Work item: Include the line with "Юрій Габрильчук, військовий" and every line before it in the entries below, echoed exactly, but not the pictures.
------ Material provided ------
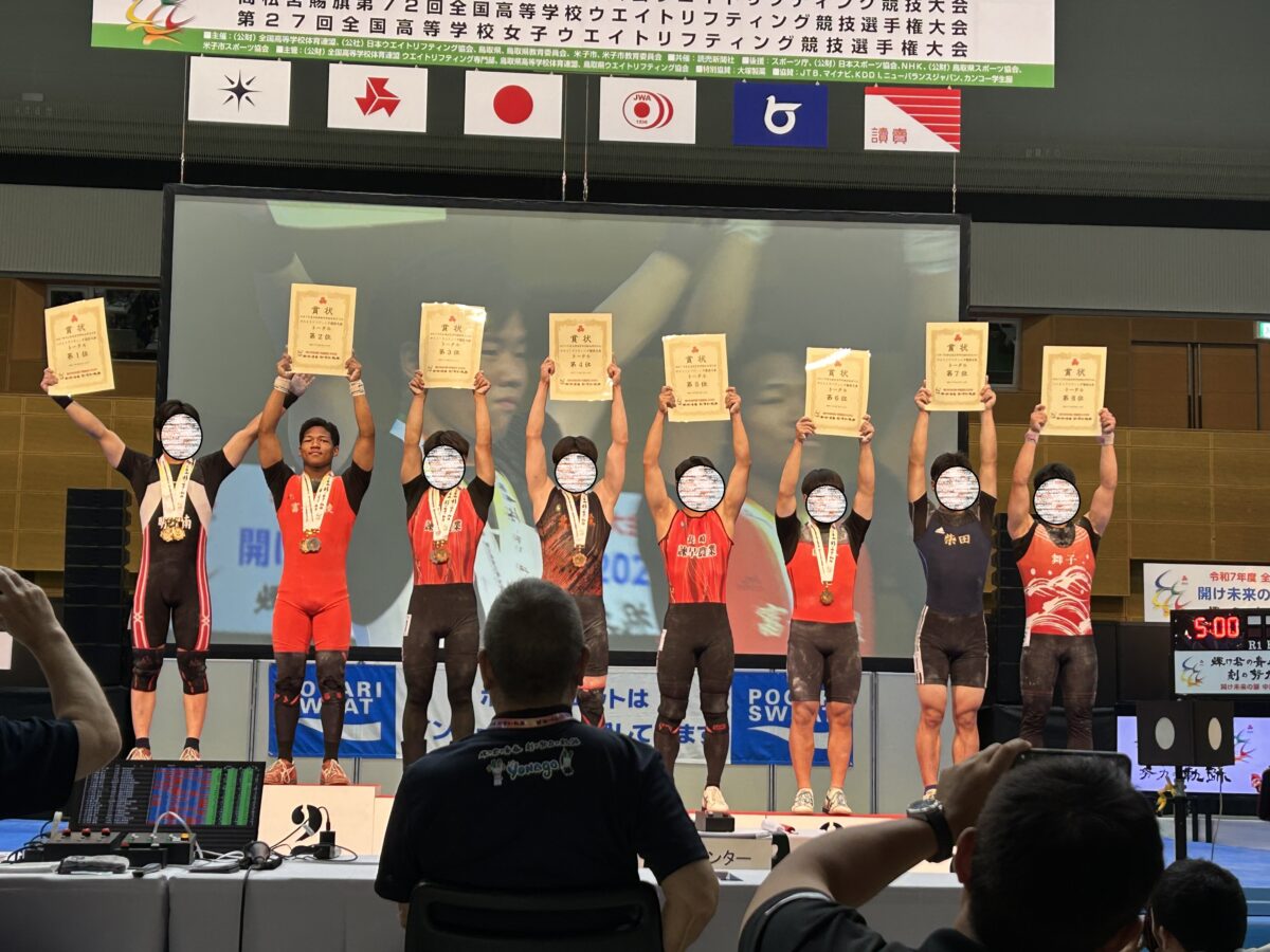 富士北稜高校 > 部活動 > ウエイトリフティング部 > ㊗後藤歩レオンス君 インターハイ重量挙げ準V 2025年8月20日カテゴリー: 部活動 ウエイトリフティング部 ㊗後藤歩レオンス君 インターハイ重量挙げ準V 鳥取県米子市で行われた全国高等学校総合体育大会(インターハイ)ウエイトリフティング67kg級において、3年生の後藤歩レオンス君が準優勝しました。また、種目別クリーン&ジャーク競技においては、自己ベストを更新する135Kgを挙げ1位となりました。後藤君は高校から競技を始め、主顧問の熱心な指導のもと、本校の部員や他校の選手らと切磋琢磨する中で成長し、6月には関東大会を制しました。全国でも表彰台を目指し挑んだ今大会で見事に目標を達成しました。 本校ウエイトリフティング部は個人として2年連続全国大会入賞です! 【C&J表彰式】 【C&J自己ベスト135Kgを成功】 【総合表彰式】
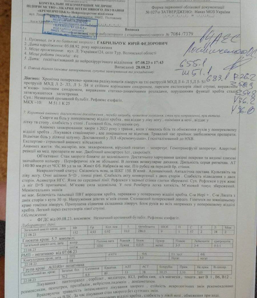 Юрій Габрильчук, військовий з села Тур на Ратнівщині, при виконнанні бойового завдання отримав травму хребта. Зараз чоловіку потрібна операція із встановленням шести імплантів з вирізанням грижі.
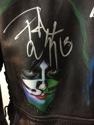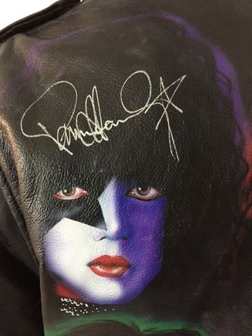 One of a kind hand-painted and autographed leather jacket of the four original band members of KISS (Gene Simmons, Paul Stanley, Peter Chriss and Ace Frehley). Features hand painted pictures of each member of KISS on the back. Each photo is signed by the band members. Jacket is zip-up, a belted at the waist with two small pockets just above belt, and one zip pocket on left side of chest.
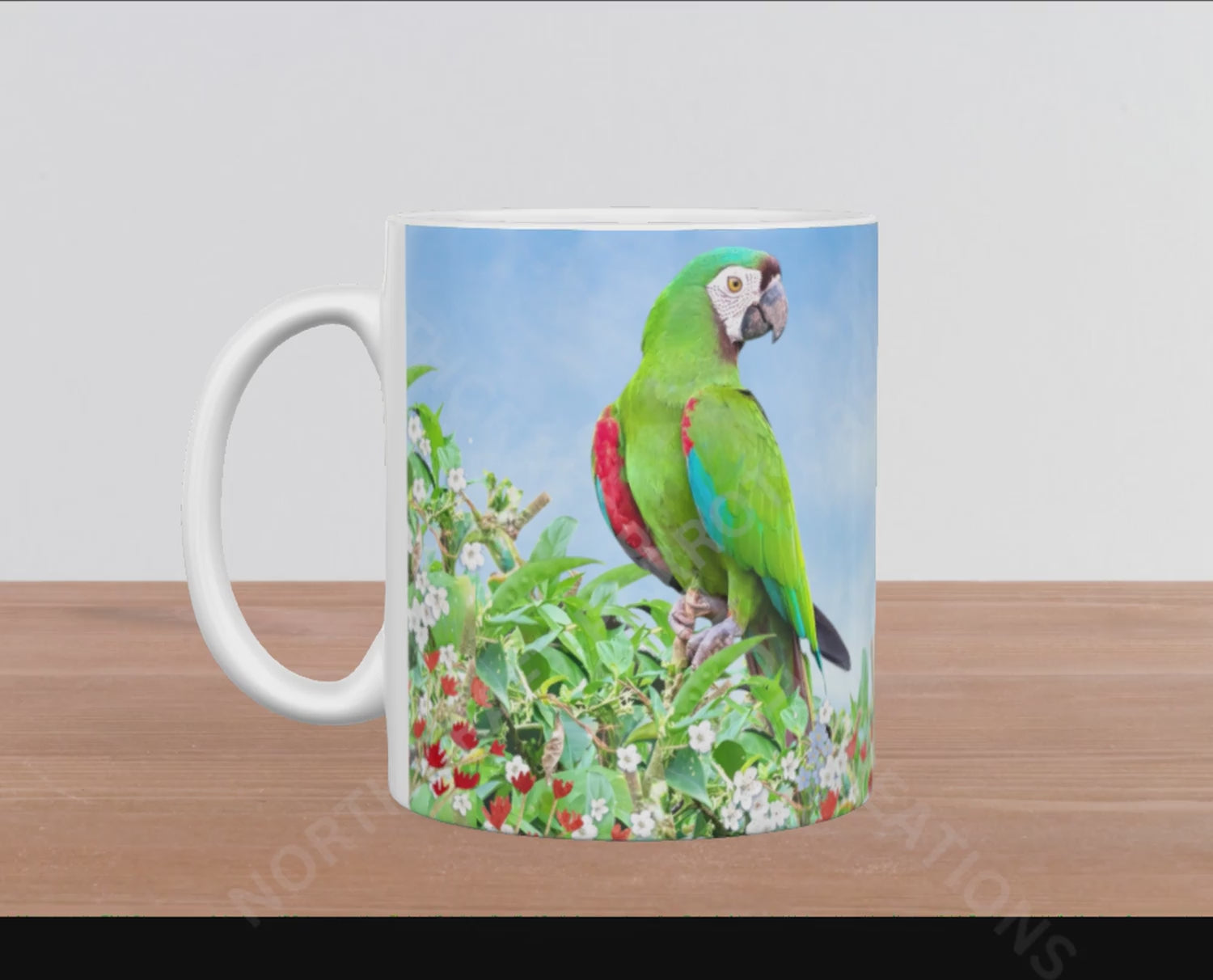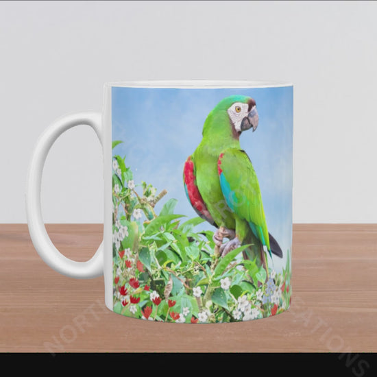 This 15oz ceramic mug features an elegant Severe Macaw perched proudly amidst a vibrant arrangement of colorful flowers and green foliage. Crafted to combine beauty and utility, it offers a generous capacity for your favorite drinks while adding a refined touch of nature-inspired artistry to your everyday moments. Ideal for those who value sophisticated design and quality craftsmanship.
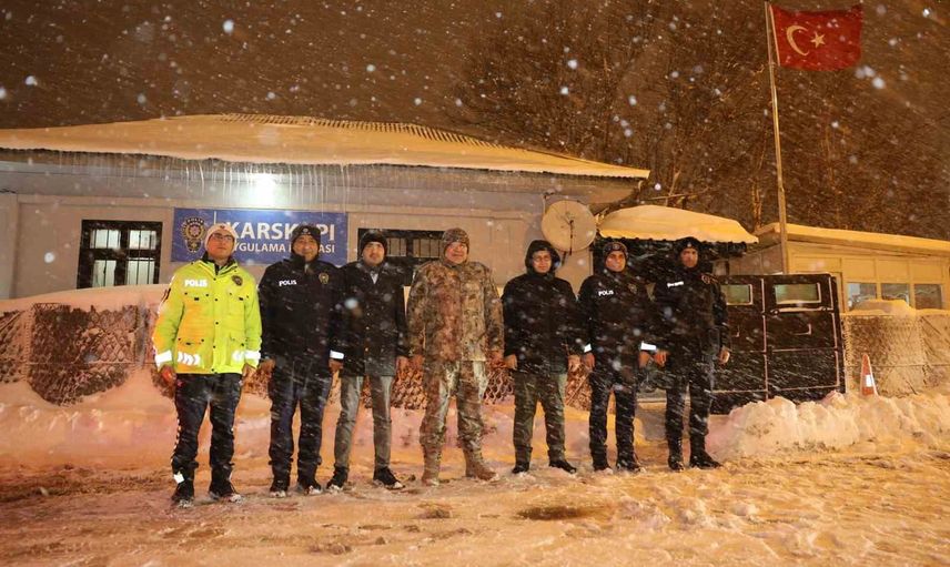 Yapılan paylaşımda, "İl Emniyet Müdürümüz Onur Karaburun, yoğun kar yağışı altında gerçekleştirilen denetimlerde, vatandaşların huzur ve güvenliğinin sağlanması için çalışan personeline teşekkür etti. Bu özverili çalışmaların azim ve kararlılıkla süreceğini belirten müdürümüz, ekiplerin motivasyonunu artırmak için teşvik edici sözler sarf etti. Ziyarete İl Emniyet Müdür Yardımcılarımız da katıldı," denildi.
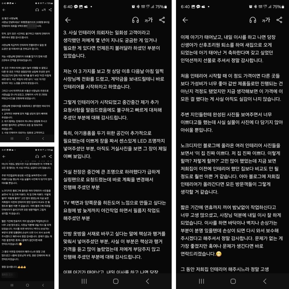 공사가 끝난 후 고객님께서 직접 긴 후기를 남겨주셨습니다. 예산과 견적에 대한 설명부터 상담 과정, 공사 중간에 발생한 추가 요청까지 세세하게 언급해 주셨는데요.
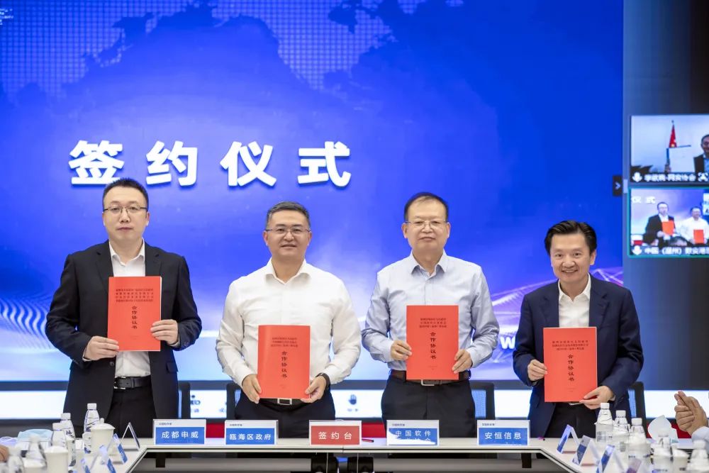 千年商港,幸福温州。为推动中国(温州)数安港打响品牌,迈入发展快车道,10月14日,中国(温州)数安港建设现场会召开,温州市委副书记、市长张振丰出席会议并发表讲话,强调要坚持“立足瓯海、辐射全市、服务全省、影响全国”目标定位。会上,温州市瓯海区政府与中国软件行业协会、中国网络空间安全协会、成都申威科技、安恒信息等四家组织单位签署合作协议,就参与数安港建设和数据要素市场化配置改革达成战略合作,安恒信息董事长范渊参与本次签约。
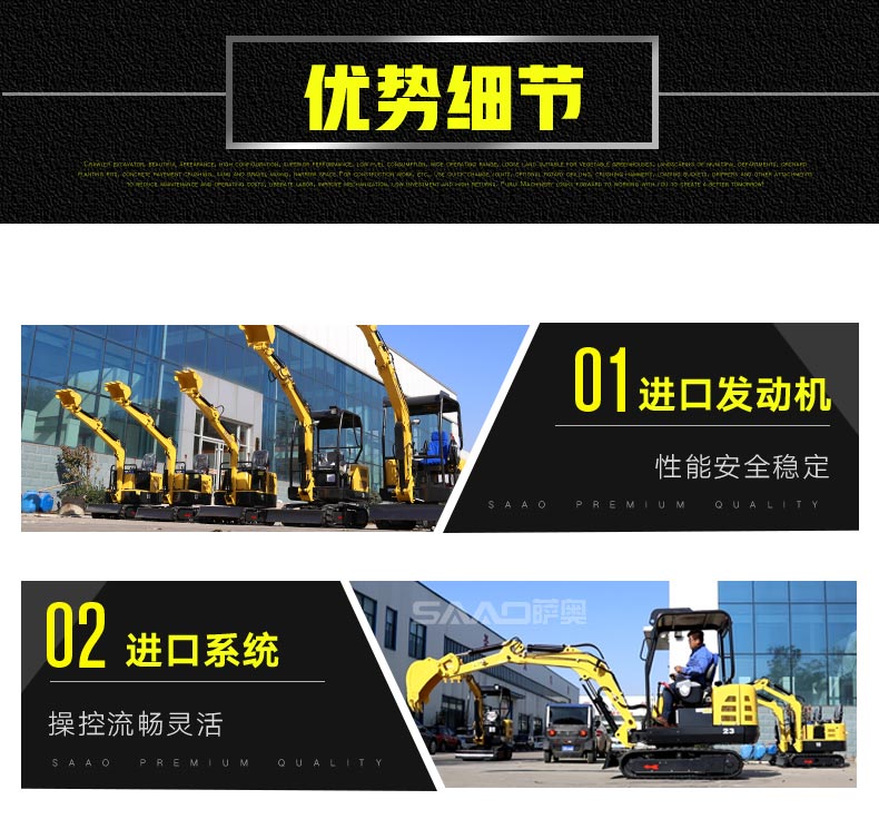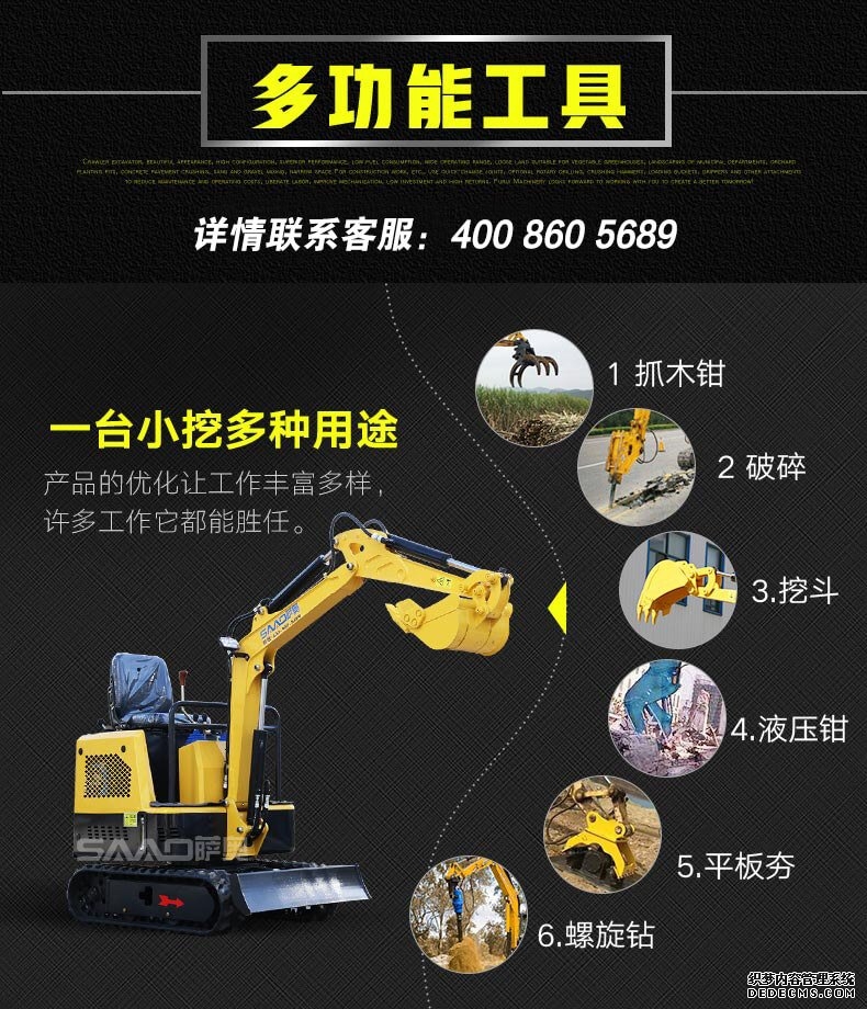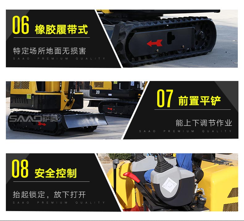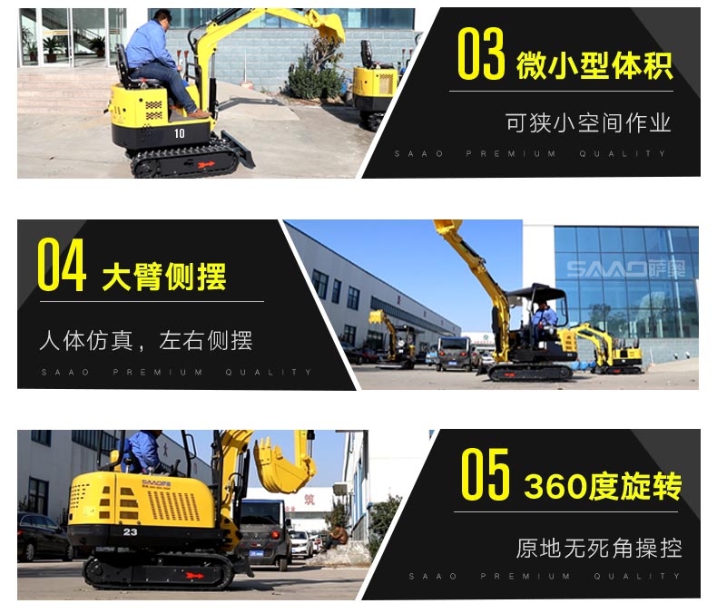 該產(chǎn)品外觀漂亮、配置高、性能優(yōu)越、油耗低、作業(yè)范圍廣.適合蔬菜大棚的土地疏松,市政部門的園林綠化、果園苗圃栽挖坑,混凝土路面破碎,砂石料攪拌,空間狹小的施工作業(yè)等,使用快換接頭,可選配旋挖鉆,破碎錘、裝載斗、抓具等各種屬具,降低維護(hù)及作業(yè)成本,解放勞動力,提高機(jī)械化程度,低投資、高回報。薩奧機(jī)械期待與您共創(chuàng)美好明天!
------
Answer for this exercise:
 富士北稜高校 > 部活動 > ウエイトリフティング部 > ㊗後藤歩レオンス君 インターハイ重量挙げ準V 2025年8月20日カテゴリー: 部活動 ウエイトリフティング部 ㊗後藤歩レオンス君 インターハイ重量挙げ準V 鳥取県米子市で行われた全国高等学校総合体育大会(インターハイ)ウエイトリフティング67kg級において、3年生の後藤歩レオンス君が準優勝しました。また、種目別クリーン&ジャーク競技においては、自己ベストを更新する135Kgを挙げ1位となりました。後藤君は高校から競技を始め、主顧問の熱心な指導のもと、本校の部員や他校の選手らと切磋琢磨する中で成長し、6月には関東大会を制しました。全国でも表彰台を目指し挑んだ今大会で見事に目標を達成しました。 本校ウエイトリフティング部は個人として2年連続全国大会入賞です! 【C&J表彰式】 【C&J自己ベスト135Kgを成功】 【総合表彰式】
 Юрій Габрильчук, військовий з села Тур на Ратнівщині, при виконнанні бойового завдання отримав травму хребта. Зараз чоловіку потрібна операція із встановленням шести імплантів з вирізанням грижі.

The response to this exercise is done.